Taken literally, these amendments seem to make moral standards part of the conditions for legal validity. In reality, however, legal positivism cannot be identified with either of the two theses: both are false. There are many necessary „links“, trivial and non-trivial, between law and morality. As John Gardner notes, legal positivism takes a position on only one of them; he rejects any dependence on the existence of the right on his merits (Gardner 2001). And with regard to this relationship of dependence, legal positivists are concerned with much more than the relationship between law and morality, because it is only in the sense that they insist on a separation of law and morality that they must also – and for the same reasons – insist on a separation of law and economy. Hart, for his part, acknowledges that the judicial legislative power is limited in two respects: „Not only are the powers of judges subject to many limitations that limit its choice, of which a legislature may be quite free, but since the powers of the judge are exercised only to settle certain immediate cases, he cannot use them to introduce large-scale reforms or new codes“ (Hart 1994, p. 273).
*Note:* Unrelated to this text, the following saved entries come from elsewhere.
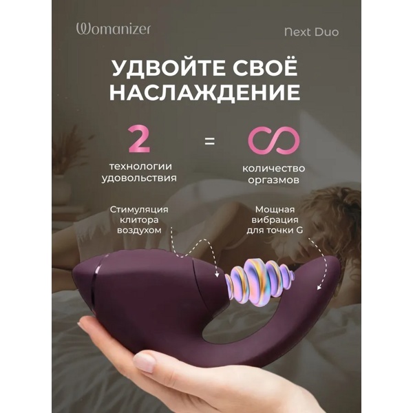 Womanizer Next Duo – передовой двойной стимулятор, объединяющий технологию 3D Pleasure Air и Dynamic Dimension Drive от Womanizer с глубокими вибрациями точки G от We-Vibe!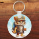 Joyful Tiger Cub with Backpack and coffee Key Ring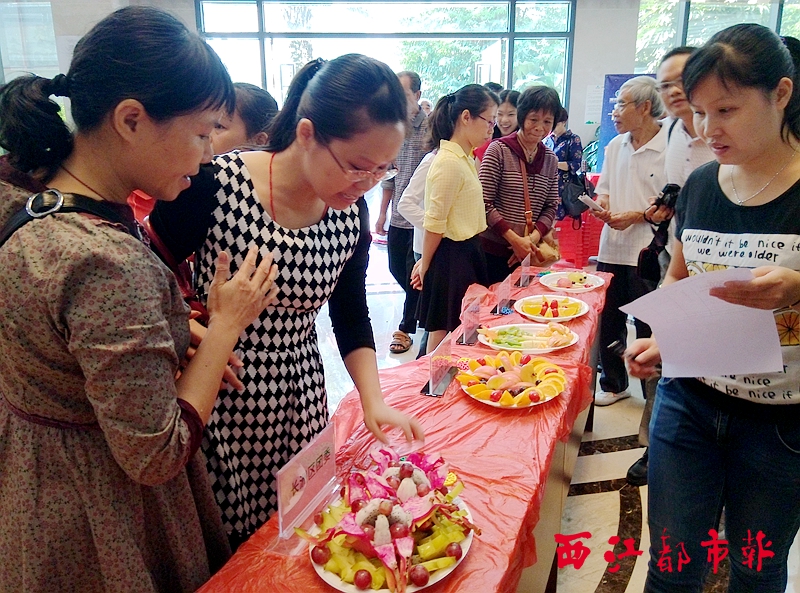 現(xiàn)場(chǎng)滿足居民的微心愿后,居民文藝隊(duì)和幼兒園的小朋友還奉上了精彩的慰問(wèn)演出。隨后,當(dāng)天活動(dòng)最引人關(guān)注的“拼水果”大賽開(kāi)始了。來(lái)自長(zhǎng)洲區(qū)檢察院、粵成房地產(chǎn)開(kāi)發(fā)公司、長(zhǎng)洲區(qū)團(tuán)委等9個(gè)雙報(bào)到單位的選手們紛紛以慶重陽(yáng)拼中國(guó)夢(mèng)等為主題,充分發(fā)揮專業(yè)特長(zhǎng),與居民們一起現(xiàn)場(chǎng)精心制作水果拼盤。這些水果拼盤由西瓜、芒果、火龍果、楊桃、圣女果等現(xiàn)場(chǎng)切割、拼接而成,設(shè)計(jì)頗為美觀,讓居民們嘖嘖稱奇。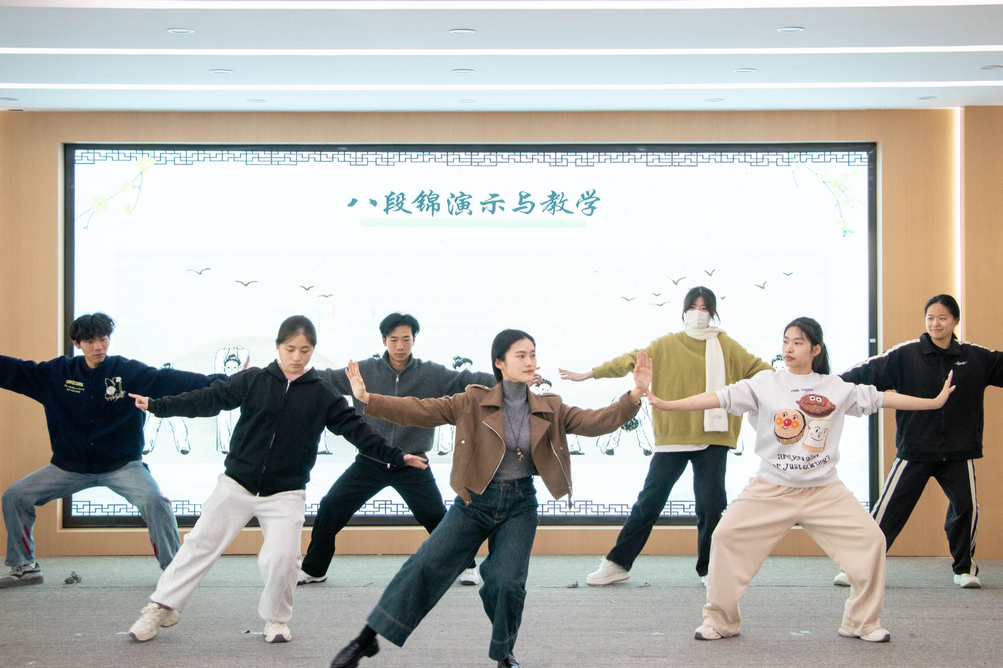 “双手托天理三焦。”在晋江市中西医结合医院吴珊珊护士的带领下,全体师生起而立行,沉浸式体验国家级非物质文化遗产——八段锦。吴珊珊对动作要领与呼吸吐纳进行分步拆解,师生们在舒展筋骨中切身感受中医养生功法的独特魅力,现场气氛张弛有度、动静相宜。

What explains the judge`s discretion to enact new legislation in a particular case, in Hart`s view, is not the absence of legal standards that limit his or her decision; Rather, it is the absence of legal norms that dictates a particularly correct response to the case.
The judge cannot rule on such a case solely by applying the existing law, as there is more than one result available that is in accordance with the existing law. In such cases, it is impossible to make a substantive decision (instead of simply referring the matter to the legislator) without creating a new law. Legal positivism has also been confused with the old idea of positive law. Leslie Green (2003), for example, argues that the term „legal positivism“ was introduced into medieval legal thought, and cites Finnis (1996) as the source of this claim – although Finnis does not discuss legal positivism, but positive law. In fact, it was not until the twentieth century that some influential legal theorists began to call themselves „positivists“ and their doctrines of „legal positivism,“ including Hans Kelsen (1945), H. L.A. Hart (1961), and Joseph Raz (1986). The problem with Dworkin`s analysis, however, is that it falsely assumes that a public servant cannot enact a new law unless there are no legal norms that limit the official`s decision. In fact, legislatures in jurisdictions like the United States never have what Dworkin calls strong discretion. Even the legislative decisions of Congress, the nation`s highest legislative branch, are still limited by constitutional norms. For example, under the Fourteenth Amendment, Congress cannot pass a law that sets a speed limit for male drivers on highways and another for female drivers.